[Opening STUDY MATERIAL section]
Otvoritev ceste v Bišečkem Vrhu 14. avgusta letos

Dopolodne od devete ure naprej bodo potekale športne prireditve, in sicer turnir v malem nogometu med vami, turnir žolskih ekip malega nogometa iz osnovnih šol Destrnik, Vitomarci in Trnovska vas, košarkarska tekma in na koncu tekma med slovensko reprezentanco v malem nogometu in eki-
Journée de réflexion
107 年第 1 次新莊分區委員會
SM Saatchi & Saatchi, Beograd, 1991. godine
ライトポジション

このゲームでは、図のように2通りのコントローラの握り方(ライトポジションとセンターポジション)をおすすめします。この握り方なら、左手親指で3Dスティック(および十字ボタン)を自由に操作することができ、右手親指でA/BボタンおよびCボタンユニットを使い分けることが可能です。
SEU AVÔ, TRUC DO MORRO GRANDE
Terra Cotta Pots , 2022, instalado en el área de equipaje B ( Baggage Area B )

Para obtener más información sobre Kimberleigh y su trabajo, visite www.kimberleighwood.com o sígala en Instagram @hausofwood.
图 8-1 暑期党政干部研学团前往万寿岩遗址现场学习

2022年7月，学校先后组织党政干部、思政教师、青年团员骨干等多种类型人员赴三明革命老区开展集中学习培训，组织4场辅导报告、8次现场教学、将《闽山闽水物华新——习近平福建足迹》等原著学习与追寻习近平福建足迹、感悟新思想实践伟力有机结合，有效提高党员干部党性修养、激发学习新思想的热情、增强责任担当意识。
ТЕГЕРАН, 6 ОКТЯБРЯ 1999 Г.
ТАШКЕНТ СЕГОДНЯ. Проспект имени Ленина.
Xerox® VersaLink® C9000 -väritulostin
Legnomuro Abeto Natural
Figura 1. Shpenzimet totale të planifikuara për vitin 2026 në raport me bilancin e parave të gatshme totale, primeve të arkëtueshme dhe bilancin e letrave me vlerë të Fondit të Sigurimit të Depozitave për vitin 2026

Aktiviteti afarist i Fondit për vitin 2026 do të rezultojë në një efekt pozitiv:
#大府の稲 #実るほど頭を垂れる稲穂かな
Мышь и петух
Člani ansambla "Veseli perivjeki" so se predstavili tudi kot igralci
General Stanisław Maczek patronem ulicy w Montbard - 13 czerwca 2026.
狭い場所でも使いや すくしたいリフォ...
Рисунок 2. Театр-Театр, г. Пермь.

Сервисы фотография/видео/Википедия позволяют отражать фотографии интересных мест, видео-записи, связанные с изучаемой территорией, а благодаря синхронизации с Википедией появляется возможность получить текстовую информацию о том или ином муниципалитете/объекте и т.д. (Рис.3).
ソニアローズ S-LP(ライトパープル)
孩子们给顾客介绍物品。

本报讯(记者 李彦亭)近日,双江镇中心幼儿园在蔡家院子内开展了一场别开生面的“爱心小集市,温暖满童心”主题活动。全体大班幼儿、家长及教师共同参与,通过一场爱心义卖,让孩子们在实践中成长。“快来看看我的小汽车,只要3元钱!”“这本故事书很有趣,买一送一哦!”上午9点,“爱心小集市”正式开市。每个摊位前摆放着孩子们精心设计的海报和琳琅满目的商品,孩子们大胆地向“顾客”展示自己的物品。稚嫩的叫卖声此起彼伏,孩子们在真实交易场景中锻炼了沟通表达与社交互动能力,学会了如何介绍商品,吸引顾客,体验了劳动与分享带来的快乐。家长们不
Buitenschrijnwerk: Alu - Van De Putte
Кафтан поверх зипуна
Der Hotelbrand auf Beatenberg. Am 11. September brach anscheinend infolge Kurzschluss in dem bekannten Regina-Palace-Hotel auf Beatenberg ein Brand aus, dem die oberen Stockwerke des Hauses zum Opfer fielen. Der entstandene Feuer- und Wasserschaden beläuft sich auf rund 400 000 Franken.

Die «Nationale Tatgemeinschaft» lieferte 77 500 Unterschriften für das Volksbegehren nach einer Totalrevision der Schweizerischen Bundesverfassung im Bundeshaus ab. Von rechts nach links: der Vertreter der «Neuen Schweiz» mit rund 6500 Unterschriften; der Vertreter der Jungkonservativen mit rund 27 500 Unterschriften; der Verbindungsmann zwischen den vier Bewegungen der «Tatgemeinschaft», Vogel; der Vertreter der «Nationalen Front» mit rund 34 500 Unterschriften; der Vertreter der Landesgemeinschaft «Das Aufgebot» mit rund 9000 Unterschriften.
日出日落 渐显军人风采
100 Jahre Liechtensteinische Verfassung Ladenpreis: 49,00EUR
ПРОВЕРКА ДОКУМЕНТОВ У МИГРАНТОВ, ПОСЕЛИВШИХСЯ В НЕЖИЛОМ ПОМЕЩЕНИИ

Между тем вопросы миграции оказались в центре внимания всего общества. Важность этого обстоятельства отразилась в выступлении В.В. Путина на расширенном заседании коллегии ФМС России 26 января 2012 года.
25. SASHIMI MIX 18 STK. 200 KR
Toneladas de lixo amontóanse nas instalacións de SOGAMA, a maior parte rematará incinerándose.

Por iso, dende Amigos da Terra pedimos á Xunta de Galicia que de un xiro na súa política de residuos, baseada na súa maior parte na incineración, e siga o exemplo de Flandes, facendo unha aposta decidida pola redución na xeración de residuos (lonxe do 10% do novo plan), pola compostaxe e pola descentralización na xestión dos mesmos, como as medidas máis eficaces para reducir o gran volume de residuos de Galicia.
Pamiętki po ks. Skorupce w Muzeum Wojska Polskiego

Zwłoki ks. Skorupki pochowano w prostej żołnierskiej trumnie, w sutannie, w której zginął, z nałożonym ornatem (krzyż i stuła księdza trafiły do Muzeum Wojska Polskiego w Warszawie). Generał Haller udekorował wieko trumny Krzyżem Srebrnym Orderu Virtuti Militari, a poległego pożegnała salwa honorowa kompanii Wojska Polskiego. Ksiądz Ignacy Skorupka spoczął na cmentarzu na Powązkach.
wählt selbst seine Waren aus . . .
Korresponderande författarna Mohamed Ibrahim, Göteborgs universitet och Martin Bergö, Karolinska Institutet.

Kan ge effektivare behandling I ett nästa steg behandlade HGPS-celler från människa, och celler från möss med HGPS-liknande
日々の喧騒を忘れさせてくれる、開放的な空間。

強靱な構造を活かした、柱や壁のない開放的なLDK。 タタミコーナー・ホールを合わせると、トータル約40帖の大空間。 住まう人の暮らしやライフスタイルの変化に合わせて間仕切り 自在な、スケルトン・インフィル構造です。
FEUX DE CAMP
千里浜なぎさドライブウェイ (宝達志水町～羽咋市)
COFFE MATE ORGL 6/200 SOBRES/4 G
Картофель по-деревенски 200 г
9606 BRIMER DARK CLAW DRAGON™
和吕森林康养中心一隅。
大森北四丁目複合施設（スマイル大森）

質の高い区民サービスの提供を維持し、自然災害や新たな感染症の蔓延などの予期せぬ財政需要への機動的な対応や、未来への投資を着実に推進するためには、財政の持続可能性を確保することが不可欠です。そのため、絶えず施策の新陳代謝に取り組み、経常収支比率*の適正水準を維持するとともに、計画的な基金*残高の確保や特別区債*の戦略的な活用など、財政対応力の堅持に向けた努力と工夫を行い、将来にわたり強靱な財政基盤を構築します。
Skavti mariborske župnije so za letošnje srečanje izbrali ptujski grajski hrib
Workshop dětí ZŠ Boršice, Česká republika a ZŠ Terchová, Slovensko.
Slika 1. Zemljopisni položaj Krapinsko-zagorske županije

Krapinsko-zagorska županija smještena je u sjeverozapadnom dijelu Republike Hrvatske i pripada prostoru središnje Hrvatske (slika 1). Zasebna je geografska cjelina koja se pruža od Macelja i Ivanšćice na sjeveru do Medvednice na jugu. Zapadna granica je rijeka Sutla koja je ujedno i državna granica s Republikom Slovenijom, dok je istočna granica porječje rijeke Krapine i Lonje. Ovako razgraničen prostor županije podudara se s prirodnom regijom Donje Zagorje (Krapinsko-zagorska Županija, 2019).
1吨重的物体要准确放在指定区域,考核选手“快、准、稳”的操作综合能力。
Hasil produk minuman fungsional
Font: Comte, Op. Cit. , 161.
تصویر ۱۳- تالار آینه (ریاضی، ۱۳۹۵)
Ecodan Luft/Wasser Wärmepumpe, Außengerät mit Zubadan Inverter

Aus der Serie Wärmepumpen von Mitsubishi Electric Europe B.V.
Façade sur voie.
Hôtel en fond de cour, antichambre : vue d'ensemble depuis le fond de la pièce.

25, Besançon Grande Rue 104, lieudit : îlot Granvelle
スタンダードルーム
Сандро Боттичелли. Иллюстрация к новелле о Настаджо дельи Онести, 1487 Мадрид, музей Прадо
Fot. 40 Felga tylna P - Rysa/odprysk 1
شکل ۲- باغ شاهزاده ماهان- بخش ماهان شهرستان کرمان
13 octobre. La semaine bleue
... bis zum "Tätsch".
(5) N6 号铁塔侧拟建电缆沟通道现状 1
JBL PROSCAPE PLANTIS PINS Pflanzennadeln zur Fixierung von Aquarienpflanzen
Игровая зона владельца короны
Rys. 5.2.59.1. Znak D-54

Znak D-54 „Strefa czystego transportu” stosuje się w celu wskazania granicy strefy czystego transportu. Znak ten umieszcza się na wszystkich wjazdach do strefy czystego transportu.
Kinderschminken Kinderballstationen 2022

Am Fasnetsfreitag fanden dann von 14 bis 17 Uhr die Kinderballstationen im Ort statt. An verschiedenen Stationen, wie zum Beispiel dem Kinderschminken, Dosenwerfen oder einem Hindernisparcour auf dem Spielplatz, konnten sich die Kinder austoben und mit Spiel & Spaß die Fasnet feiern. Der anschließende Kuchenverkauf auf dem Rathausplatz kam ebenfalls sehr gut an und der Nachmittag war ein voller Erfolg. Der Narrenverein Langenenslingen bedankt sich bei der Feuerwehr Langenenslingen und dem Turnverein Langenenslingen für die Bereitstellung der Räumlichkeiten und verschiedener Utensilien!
[Closing STUDY MATERIAL section]
■ WORK TO BE COMPLETED ■
From the records above, print only the lines between the one holding "Font: Comte, Op. Cit. , 161." and the one holding "Сандро Боттичелли. Иллюстрация", inclusive, exactly as they stand.

■ ANSWER BOX ■
Font: Comte, Op. Cit. , 161.
تصویر ۱۳- تالار آینه (ریاضی، ۱۳۹۵)
Ecodan Luft/Wasser Wärmepumpe, Außengerät mit Zubadan Inverter

Aus der Serie Wärmepumpen von Mitsubishi Electric Europe B.V.
Façade sur voie.
Hôtel en fond de cour, antichambre : vue d'ensemble depuis le fond de la pièce.

25, Besançon Grande Rue 104, lieudit : îlot Granvelle
スタンダードルーム
Сандро Боттичелли. Иллюстрация к новелле о Настаджо дельи Онести, 1487 Мадрид, музей Прадо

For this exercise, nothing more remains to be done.